Managing costs of OA and initial AEs were extracted from the Hospital Information System (HIS) of 170 hospitals through the Su-Value Database from 2016 to 2018 [13]. Data were extracted according to the ICD-10 code. It was assumed that the cost of managing OA was consisted of drug cost and other outpatient expense extracted from the Su-Value Database. Drug cost was calculated by using treatment duration in each circle, recommended dose and drug price, recommended dose and drug price were obtained from the Beijing Medicine Sunshine Purchasing System [14], and treatment duration in each circle was adjusted according to the consultation of doctors (Additional file 1: Table S1-3). In each circle, the cost of managing GI discomforts and symptomatic ulcer for all patients was supposed to include the cost of one outpatient visiting, while that of complicated GI, stroke, HF and MI were supposed to include one outpatient and inpatient visiting, which was similar to the assumption in the CG59 guideline (Additional file 1: Tables S4-5) [8]. It was supposed that there is no maintenance cost for GI events, while there’s a risk for patients who experienced GI events would suffer again, therefore the cost of post complicated GI and post symptomatic ulcer were calculated by multiplying the recurrence rate and the cost of initial AE states. When it comes to CV states, it was supposed that patients who suffered CV would have a maintenance cost to manage CV events. Because the cost of post CV states can’t be obtained from the Su-Value Database directly, therefore, maintenance cost of three post-CV states were obtained from literature which reported the cost in Chinese patients (Table 1). When patients cannot continue to take the medication of specific drug, the topical diclofenac was assumed to be adopted as a medication to manage OA [15] as the suggestion of the NICE OA model.

Quality of life

QALYs was used to represent quality of life, due to the sparse data, the QALYs data were extracted from the NICE OA model. The QALYs of OA patients without any AEs were measured based on the efficacy of drug and the QALYs of OA symptom itself, it was assumed that all NSAIDs/selective COX-2 inhibitors were equally efficacious, which indicated that the QALYs of OA patients treated with NSAIDs/selective COX-2 inhibitors was higher than that of OA patients without any drug medication. The QALYs of initial and post AE states were also extracted (Table 1).

Transition probabilities

There are RCTs comparing imrecoxib vs. celecoxib, celecoxib vs. diclofenac, while there’s no RCT comparing imrecoxib and diclofenac directly. Therefore, indirect comparison was conducted to obtain the imrecoxib relative risk of AEs compared to diclofenac. Absolute AEs rate of diclofenac was extracted from a meta-review which pooled the AEs of diclofenac observed in CLASS (celecoxib 800 mg, diclofenac 150 mg, ibuprofen 2400 mg), MEDAL (etoricoxib 73 mg, diclofenac 150 mg), EDGE (etoricoxib 90 mg, diclofenac 150 mg), and CONDOR (celecoxib 400 mg, diclofenac 150 mg) [11]. Celecoxib relative risk compared to diclofenac was obtained from a meta-review pooled the relative risk of AEs observed in CLASS and CONDOR, in which comparisons of celecoxib and diclofenac were conducted [9]. Imrecoxib relative risk compared to celecoxib was obtained from relevant literature, through literature review, two RCTs compared the safety of imrecoxib and celecoxib was included into analysis [16, 17]. The addition of a PPI can cause the reduction in the risk of GI-related AEs both in NSAIDs and selective COX-2 inhibitors, and the effect was obtained from literature, which reported the results of a meta-analysis [5]. The proportions of withdrawing due to GI symptoms were extracted from literature, which were 13.9% and 11.2% for NSAIDs and selective COX-2 inhibitors, respectively [8].
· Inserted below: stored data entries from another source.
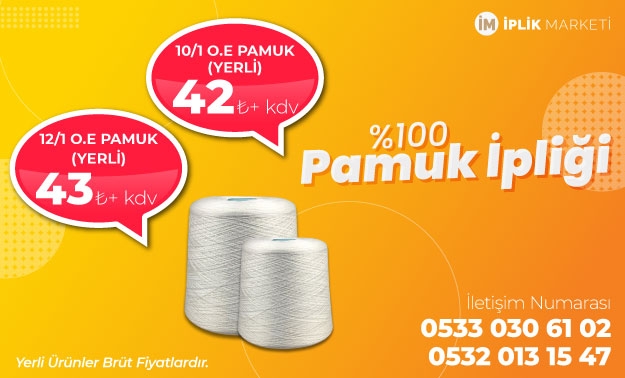 Yaklaşık 5 aydır iplikmarketi.com ile çalışıyoruz. Ürünler kaliteli, bir sorun yaşamadık .Müşteri temsilcileri çok ilgili, hızlı dönüş sağlıyorlar. Siparişlerimizde çok kısa zamanda teslim oldu, sistemli çalışmalarınızdan dolayı hepinizi tebrik eder, başarınızın devamını dilerim.
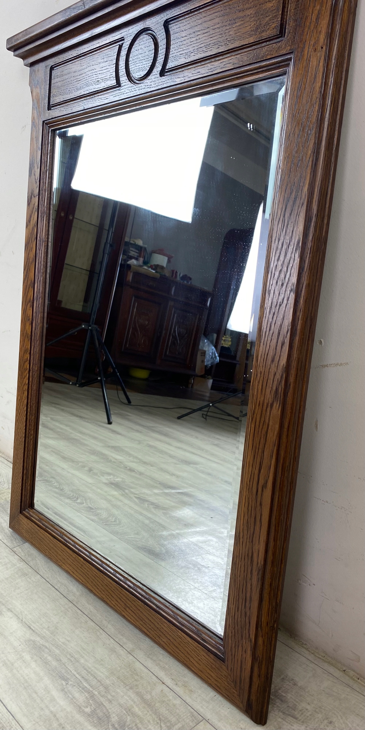Тема аукциона - это стильное зеркало в дубовой рамке, висящей стены
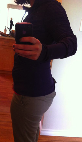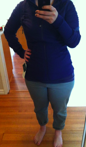 I managed to find a Dance Studio Jacket in my size yesterday, size 10, and I decided to bring it home and think about it as a birthday present option. My husband never usually gets me lululemon for my birthday but he agreed to this year probably because I wasn’t giving him any other good ideas. Anyways, I’ve been eying the Dance Studio Jacket in all the pictures I’ve seen so far and really loving it on others (particularly in this color) but I just couldn’t decide if it was a style of jacket that would fit into my daily wardrobe. I tend to wear either knit wraps and cardigans for a bit of a more stylish look or my Sing Floss Travel Jacket or Gratitude Wrap for more casual days. My Stride jackets have always gone unworn since they don’t fit the cozy factor that I need when I dress casually. I decided that I could take more of a risk with a birthday present than something I’d get myself. This jacket is surprisingly cozy thanks to the sheer luon jersey on the inside but it’s more structured and sliming than a hoodie. My husband really liked it on me when I tried it on so I definitely think it’s a keeper. He’s a hard critic of lululemon clothes afterall. The sizing is comfortable in TTS and the arms and chest are roomy enough. The bottom portion is fitted and can show muffin top but not enough to make me not want to wear it. I think since it’s so fitted it’ll look fine if I lost weight where as a 12 would look perfect now and then be too big. I can wear this over top of a cabin ls comfortably but the arms lose it’s looseness. Most people are sizing up in this jacket one or two sizes and I can definitely see that if you have a large bust, muscular arms or broader shoulders but I don’t tend to feel restricted in the arms with lulu clothes generally so I’m fine sticking with this size I think. I maybe wish there was a touch more length to this though and maybe slightly more a-line at the hem.

The observation period of the rate reported in the literature may not be consistent with the period divided in the model, thereby the probability was obtained by adjusting the instantaneous rate, the formula is [18]: r = −[In(1−P₁)]/t₁, P₂ = 1−exp(−rt₂), here r represents the instantaneous rate, P₁ represents the rate observed in literature during specific period, P₂ is the probability needed in the model, t₁ is the time of observation in the literature while t₂ is the time set in the model. The mortality rates of general population and patients with AEs were transmitted to probabilities using the formula (Additional file 1: Table S6).

Sensitivity analysis

Deterministic sensitivity analysis (DSA) was performed by varying parameters to explore the robustness of the model and access the main influencing factors: discount rate varied from 0 to 8% according to Chinese Guidelines of Pharmacoeconomics [12]; parameters of cost, utility and possibility were set up ± 20%.
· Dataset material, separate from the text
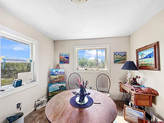 Rustic well built older five bedroom Log Home on a larger parcel in the sleepy little old west town of Crawford. Room for extra bathrooms if you want them. New roof, electric panels and service ready to be connected up and rewired, also natural gas at the lot could be installed. Very spacious, and adequate built in closets and shelves in every bedroom. Beautiful mountain and cliff views for sunrises and back lit sunsets. Easy walking distance to the nearby BLM on the edge of town. Larger than most, this property is a nice half acre in town, with several mature fruit trees, cedars, pine and elm trees. If you want, 90% of antiques will be included in sale. Stylish arches, solid bones and walk out basement with plenty of room for storage and or finishing off for more livable space. Even the attic has a nice bedroom in it. This home sits on the hillside and backs up to some really quiet neighbors.
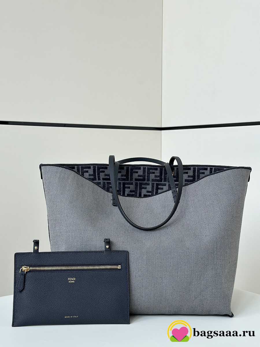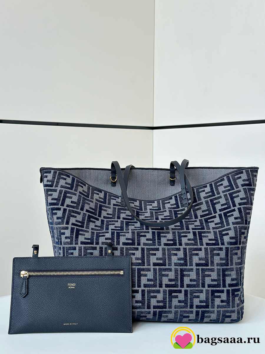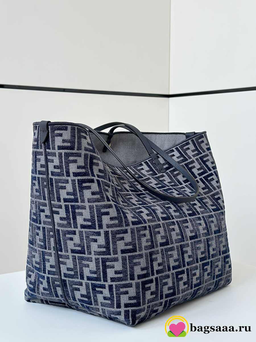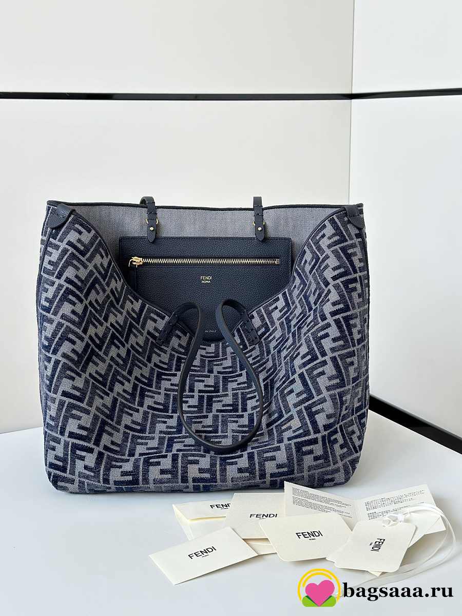 Bagsaaa Fendi Roll Large Dark blue denim-effect FF jacquard reversible shopper - 35cm

In addition to DSA, a PSA was also performed. It was required by the NICE updated guidance for technology assessment that all cost-effectiveness models submitted to the institute should use PSA [19]. DSA can only simultaneously analyze the impact of a limited number of input parameters on results (in the present study, the distributions of cost, probability and utility were set, Additional file 1: Table S8) [12]. When the model runs, a parameter for each input is randomly changed according to its preset distribution [7, 8], the mean cost and QALYs were obtained from the PSA results.

Incremental cost-effectiveness ratio (ICER)
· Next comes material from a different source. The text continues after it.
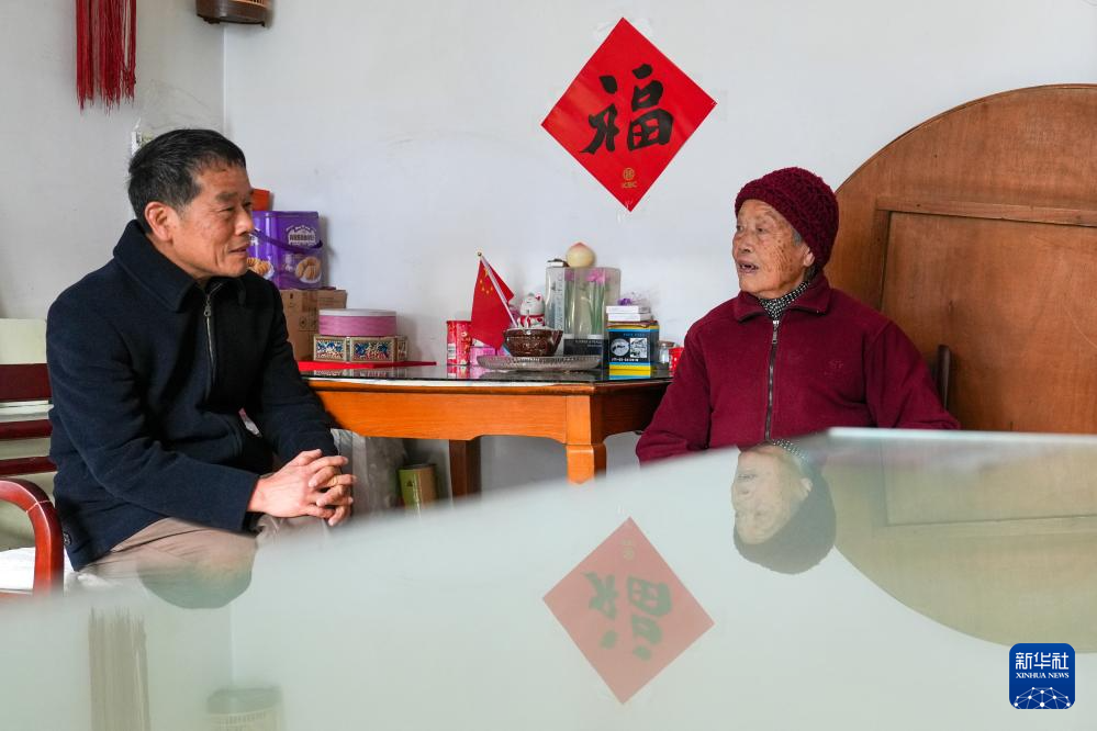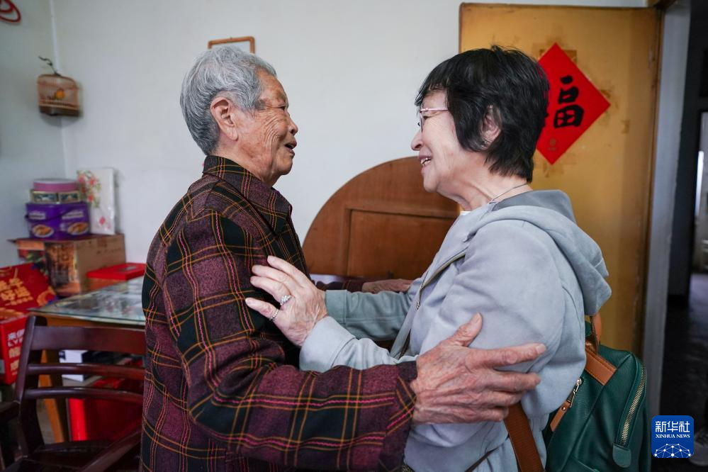 日本铭心会会长松冈环在南京看望艾义英(左)(2024年4月5日摄)。

In the base-case analysis, no treatment strategy was strictly dominated by any other strategy. The addition of a PPI to both imrecoxib and diclofenac was cost-effective, the ICER of co-prescription of a PPI to imrecoxib was $8656.09 and $8178.07 per QALY in the low and high GI and CV risk group, respectively, the ICER of co-prescription of a PPI to diclofenac was $320.83 and $363.61 per QALY in the low and high GI and CV risk group, respectively. When it comes to single drug, imrecoxib was more cost-effective than diclofenac, with the ICER of $401.58 and $492.77 per QALY in the low and high GI and CV risk group, respectively. Meanwhile, the co-prescription of a PPI to imrecoxib was more cost-effective than the co-prescription of a PPI to diclofenac (The ICER was $8274.80 and $7011.67 in the low GI and CV risk groups, respectively) (Table 2).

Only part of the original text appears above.